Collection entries

[Start of Attachment]

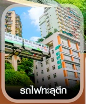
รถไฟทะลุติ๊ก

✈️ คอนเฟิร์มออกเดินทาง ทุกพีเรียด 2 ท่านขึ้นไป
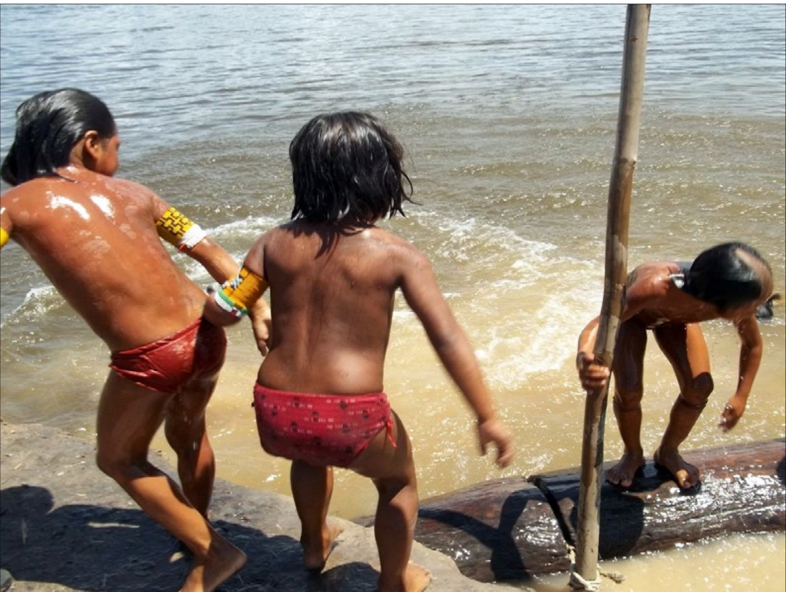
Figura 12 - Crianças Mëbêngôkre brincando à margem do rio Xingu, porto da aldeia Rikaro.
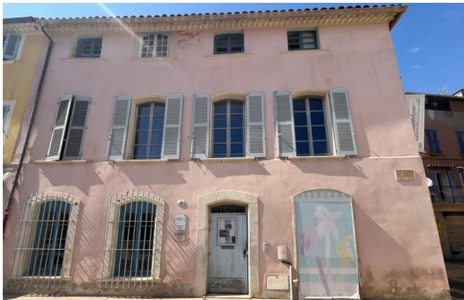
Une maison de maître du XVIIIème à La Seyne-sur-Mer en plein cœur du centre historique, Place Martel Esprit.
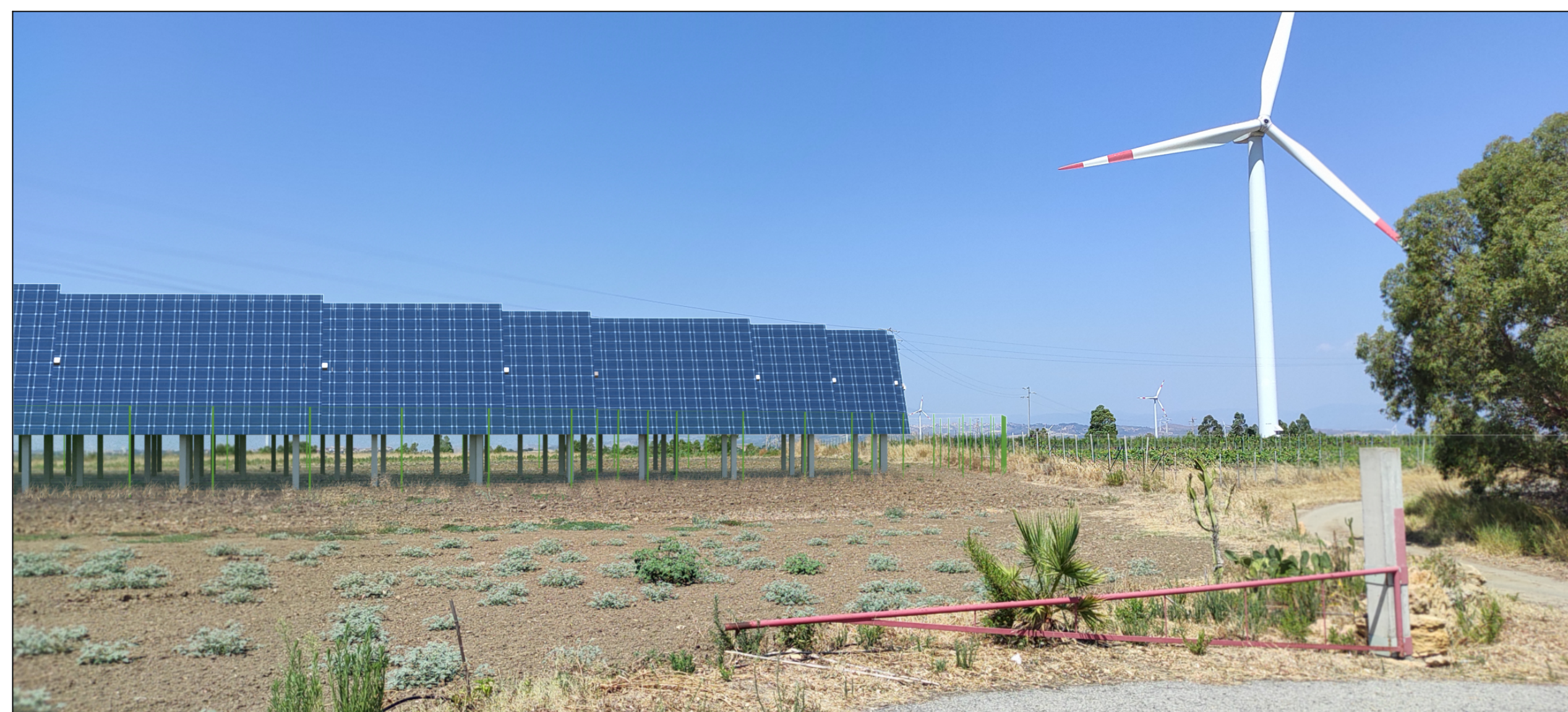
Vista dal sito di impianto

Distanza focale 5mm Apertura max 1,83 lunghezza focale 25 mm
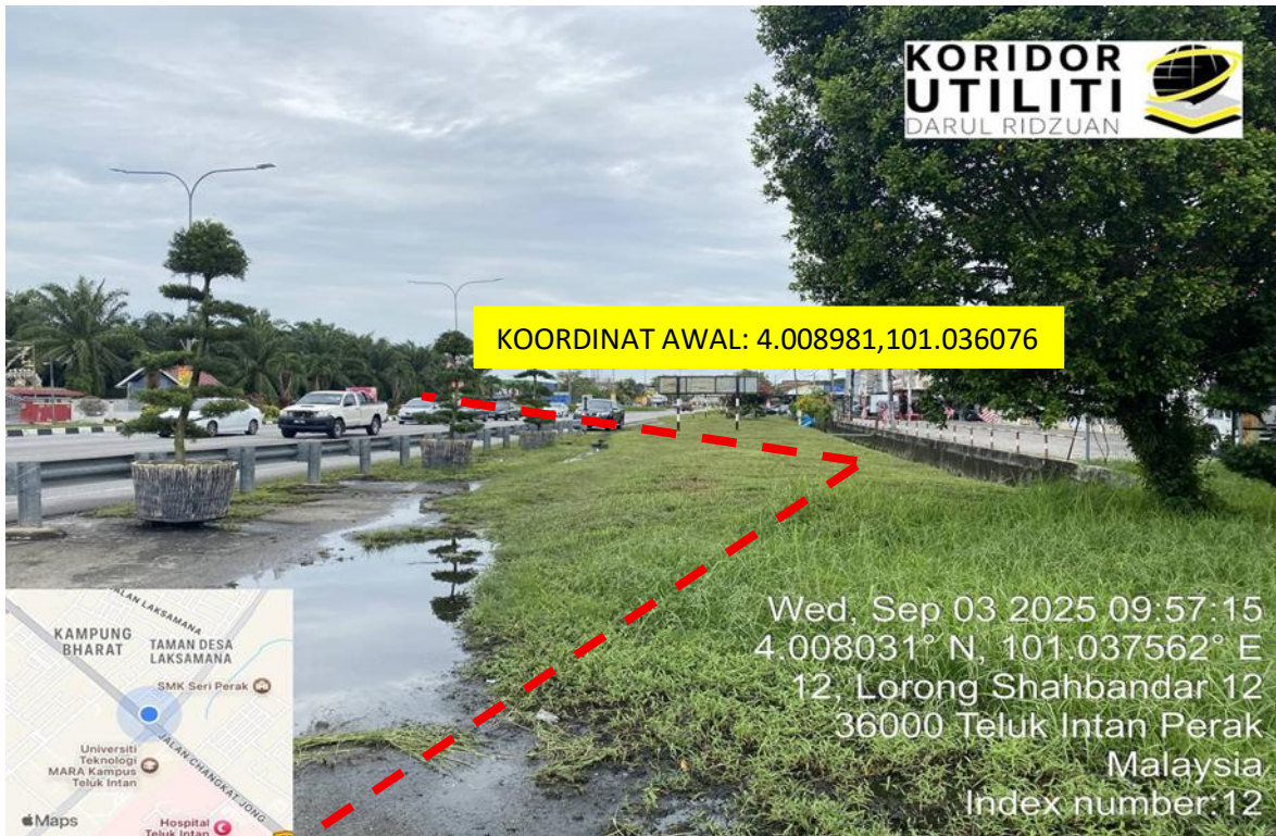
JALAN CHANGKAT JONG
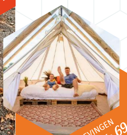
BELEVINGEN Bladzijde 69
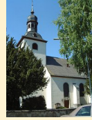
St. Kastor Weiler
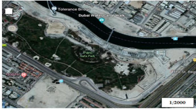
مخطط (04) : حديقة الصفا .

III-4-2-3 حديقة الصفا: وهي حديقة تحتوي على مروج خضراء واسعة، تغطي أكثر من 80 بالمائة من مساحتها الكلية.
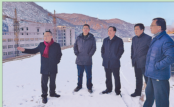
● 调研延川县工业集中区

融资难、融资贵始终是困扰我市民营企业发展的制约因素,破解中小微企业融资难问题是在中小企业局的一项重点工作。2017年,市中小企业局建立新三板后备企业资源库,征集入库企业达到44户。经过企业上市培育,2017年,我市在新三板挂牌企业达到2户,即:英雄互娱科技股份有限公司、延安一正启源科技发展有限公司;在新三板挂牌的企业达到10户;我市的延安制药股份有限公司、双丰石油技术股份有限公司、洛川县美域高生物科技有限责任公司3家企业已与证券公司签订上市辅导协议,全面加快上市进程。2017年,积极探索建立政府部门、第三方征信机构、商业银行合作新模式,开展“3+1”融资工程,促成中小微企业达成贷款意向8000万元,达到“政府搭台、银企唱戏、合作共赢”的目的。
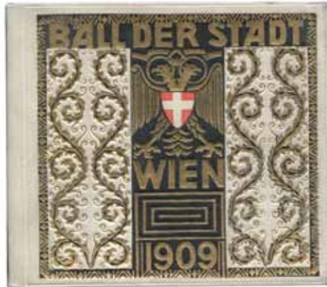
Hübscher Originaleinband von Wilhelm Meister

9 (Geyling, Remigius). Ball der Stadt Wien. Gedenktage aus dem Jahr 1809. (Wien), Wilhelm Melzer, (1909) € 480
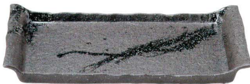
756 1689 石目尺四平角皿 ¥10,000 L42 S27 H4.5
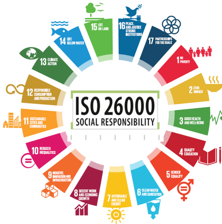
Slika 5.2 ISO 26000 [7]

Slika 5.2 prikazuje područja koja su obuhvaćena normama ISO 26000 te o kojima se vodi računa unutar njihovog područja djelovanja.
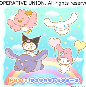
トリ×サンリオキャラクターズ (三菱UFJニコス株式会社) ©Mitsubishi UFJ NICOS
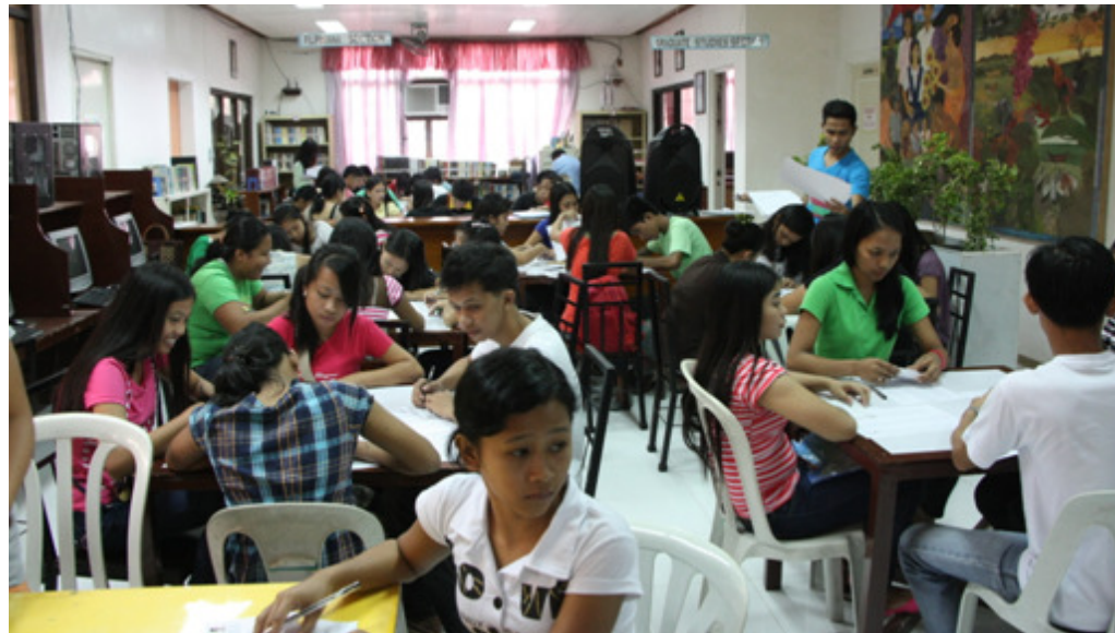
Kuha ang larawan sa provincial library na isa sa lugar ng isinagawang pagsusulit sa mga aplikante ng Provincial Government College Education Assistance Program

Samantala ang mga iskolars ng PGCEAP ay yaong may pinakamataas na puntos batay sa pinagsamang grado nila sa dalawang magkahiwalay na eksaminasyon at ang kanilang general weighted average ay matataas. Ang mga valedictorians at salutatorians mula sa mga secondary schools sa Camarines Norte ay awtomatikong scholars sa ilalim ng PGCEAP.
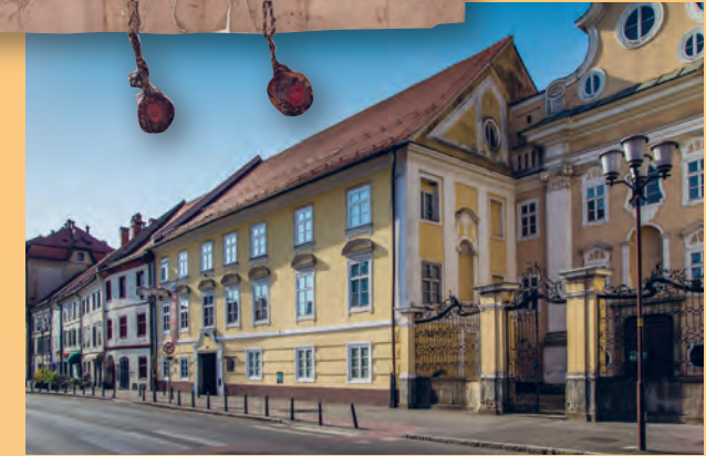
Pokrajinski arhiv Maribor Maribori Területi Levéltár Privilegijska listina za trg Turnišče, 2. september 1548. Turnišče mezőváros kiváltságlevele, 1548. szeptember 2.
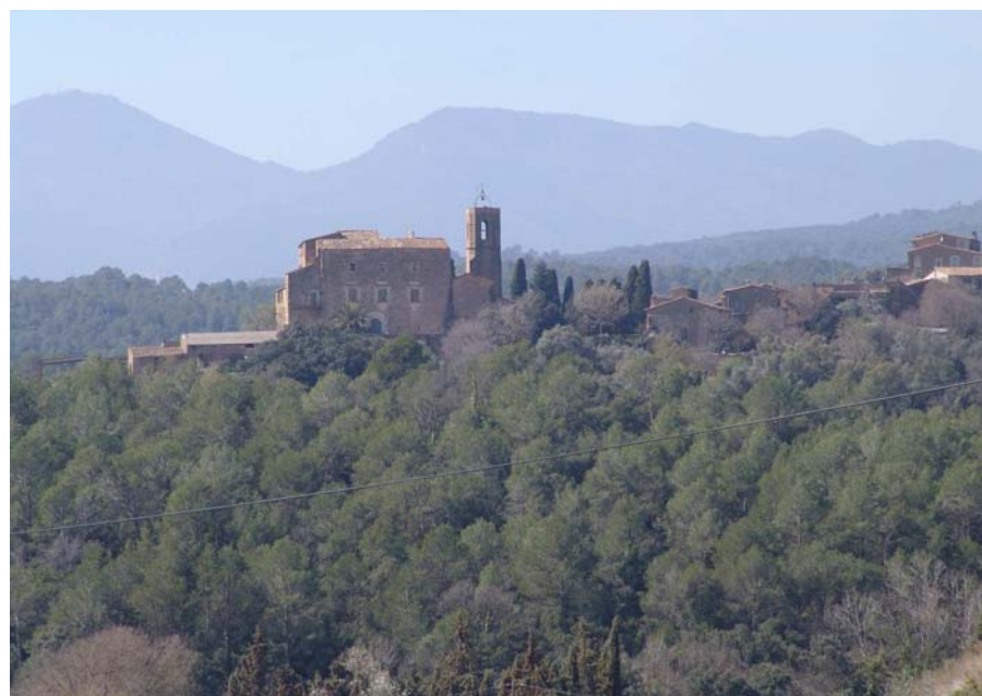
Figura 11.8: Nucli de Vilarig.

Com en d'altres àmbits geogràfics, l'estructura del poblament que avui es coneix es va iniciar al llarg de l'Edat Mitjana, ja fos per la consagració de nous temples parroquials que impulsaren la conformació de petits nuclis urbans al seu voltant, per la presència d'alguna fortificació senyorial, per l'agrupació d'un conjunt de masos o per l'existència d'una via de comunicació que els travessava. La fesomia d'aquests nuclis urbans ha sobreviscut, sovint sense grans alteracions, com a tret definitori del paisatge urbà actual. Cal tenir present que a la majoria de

[End of Attachment]

Only the lines from the one with "Pokrajinski arhiv Maribor" through the last line of the records above are wanted, copied exactly and with pictures omitted.

- Written solution
Pokrajinski arhiv Maribor Maribori Területi Levéltár Privilegijska listina za trg Turnišče, 2. september 1548. Turnišče mezőváros kiváltságlevele, 1548. szeptember 2.
Figura 11.8: Nucli de Vilarig.

Com en d'altres àmbits geogràfics, l'estructura del poblament que avui es coneix es va iniciar al llarg de l'Edat Mitjana, ja fos per la consagració de nous temples parroquials que impulsaren la conformació de petits nuclis urbans al seu voltant, per la presència d'alguna fortificació senyorial, per l'agrupació d'un conjunt de masos o per l'existència d'una via de comunicació que els travessava. La fesomia d'aquests nuclis urbans ha sobreviscut, sovint sense grans alteracions, com a tret definitori del paisatge urbà actual. Cal tenir present que a la majoria de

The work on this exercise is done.